### TASK REQUIREMENTS
Search the entries for the word "Invincible". Copy each line in which it is found.

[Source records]

*** Block opens ***

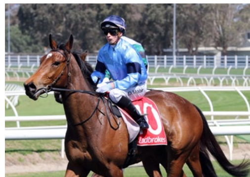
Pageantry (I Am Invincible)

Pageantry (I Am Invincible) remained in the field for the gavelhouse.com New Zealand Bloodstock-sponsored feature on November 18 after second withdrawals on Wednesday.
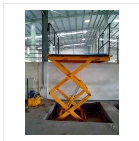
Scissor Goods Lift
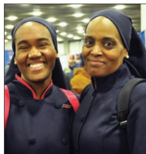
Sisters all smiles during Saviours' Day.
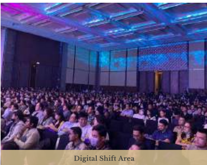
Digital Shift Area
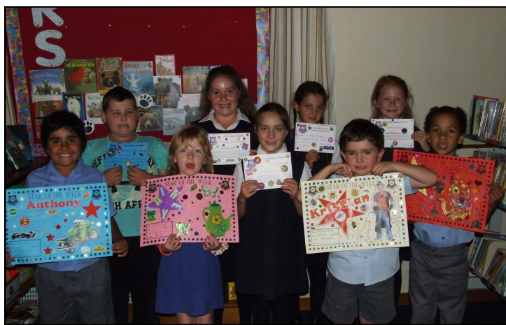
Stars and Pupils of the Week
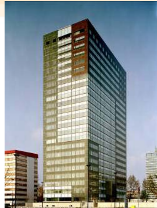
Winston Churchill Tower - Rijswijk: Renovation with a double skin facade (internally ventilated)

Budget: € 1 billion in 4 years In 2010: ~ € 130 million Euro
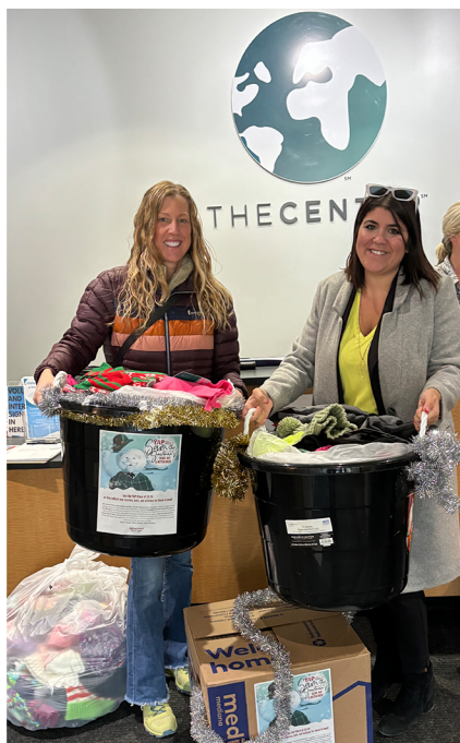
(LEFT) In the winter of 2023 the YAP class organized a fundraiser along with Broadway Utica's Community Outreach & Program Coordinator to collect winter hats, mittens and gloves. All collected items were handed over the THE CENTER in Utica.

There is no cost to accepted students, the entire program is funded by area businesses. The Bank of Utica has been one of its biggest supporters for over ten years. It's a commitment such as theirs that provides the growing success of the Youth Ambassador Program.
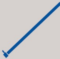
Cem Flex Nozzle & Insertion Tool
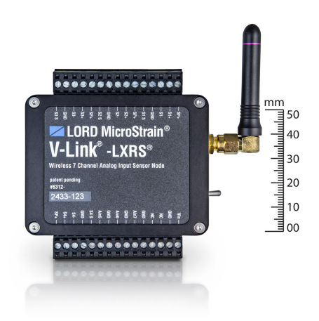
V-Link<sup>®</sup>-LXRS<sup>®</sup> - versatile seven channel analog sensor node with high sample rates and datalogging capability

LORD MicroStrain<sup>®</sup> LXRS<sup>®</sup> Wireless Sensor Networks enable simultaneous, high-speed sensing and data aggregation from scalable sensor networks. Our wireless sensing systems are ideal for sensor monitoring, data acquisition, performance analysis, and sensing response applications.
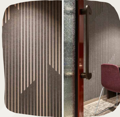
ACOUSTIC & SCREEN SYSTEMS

*** Block closes ***
*** Block opens ***

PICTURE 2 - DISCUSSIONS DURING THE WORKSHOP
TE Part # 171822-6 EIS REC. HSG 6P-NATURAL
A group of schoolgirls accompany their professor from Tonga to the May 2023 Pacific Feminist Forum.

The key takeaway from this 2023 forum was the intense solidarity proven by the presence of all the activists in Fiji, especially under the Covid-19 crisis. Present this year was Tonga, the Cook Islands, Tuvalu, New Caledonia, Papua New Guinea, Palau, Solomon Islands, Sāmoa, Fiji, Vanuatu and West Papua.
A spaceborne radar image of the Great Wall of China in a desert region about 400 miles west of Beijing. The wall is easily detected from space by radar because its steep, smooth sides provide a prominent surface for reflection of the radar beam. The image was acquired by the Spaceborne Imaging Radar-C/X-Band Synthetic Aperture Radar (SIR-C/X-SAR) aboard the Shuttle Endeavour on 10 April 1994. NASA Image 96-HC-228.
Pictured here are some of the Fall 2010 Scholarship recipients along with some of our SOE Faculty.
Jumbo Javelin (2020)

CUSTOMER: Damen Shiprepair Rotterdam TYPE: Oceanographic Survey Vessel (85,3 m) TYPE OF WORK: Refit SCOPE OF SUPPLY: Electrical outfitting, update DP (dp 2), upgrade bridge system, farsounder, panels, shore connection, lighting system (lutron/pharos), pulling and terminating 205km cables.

*** Block closes ***
*** Block opens ***

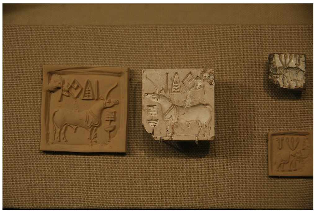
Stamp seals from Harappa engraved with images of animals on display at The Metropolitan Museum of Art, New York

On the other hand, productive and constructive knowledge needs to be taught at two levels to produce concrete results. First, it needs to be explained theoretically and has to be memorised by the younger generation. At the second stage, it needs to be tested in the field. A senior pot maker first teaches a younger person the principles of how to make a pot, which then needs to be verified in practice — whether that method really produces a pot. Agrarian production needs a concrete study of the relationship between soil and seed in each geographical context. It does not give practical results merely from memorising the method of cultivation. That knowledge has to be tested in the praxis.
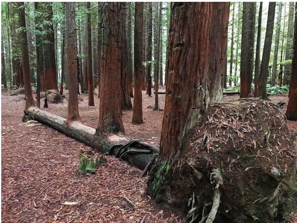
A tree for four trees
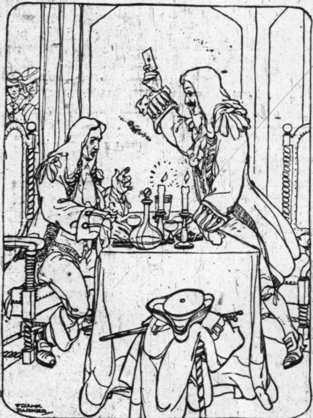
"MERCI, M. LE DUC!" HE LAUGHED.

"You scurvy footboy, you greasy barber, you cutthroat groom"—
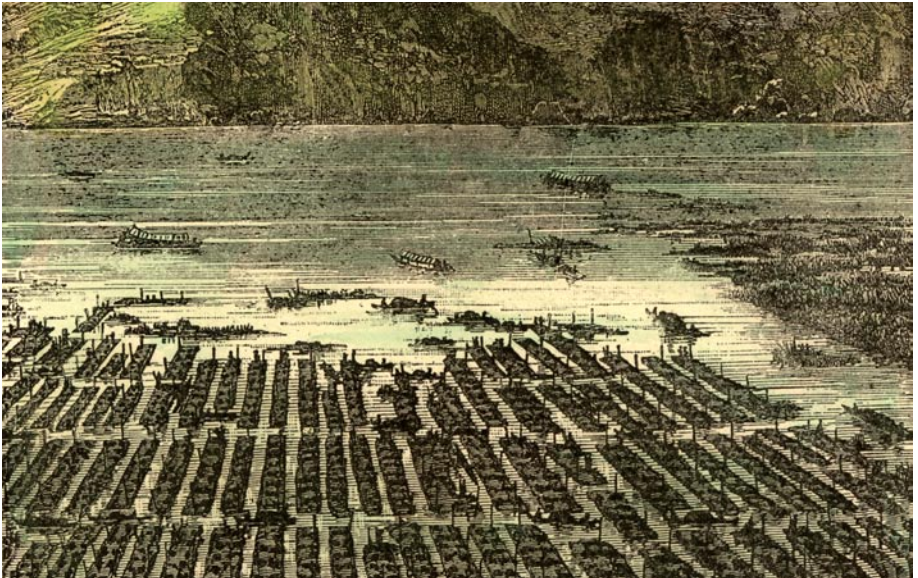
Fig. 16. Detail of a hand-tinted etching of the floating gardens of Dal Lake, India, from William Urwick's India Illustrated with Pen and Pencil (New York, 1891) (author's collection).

*** Block closes ***

### REPLY TO THE EXERCISE
Pageantry (I Am Invincible)
Pageantry (I Am Invincible) remained in the field for the gavelhouse.com New Zealand Bloodstock-sponsored feature on November 18 after second withdrawals on Wednesday.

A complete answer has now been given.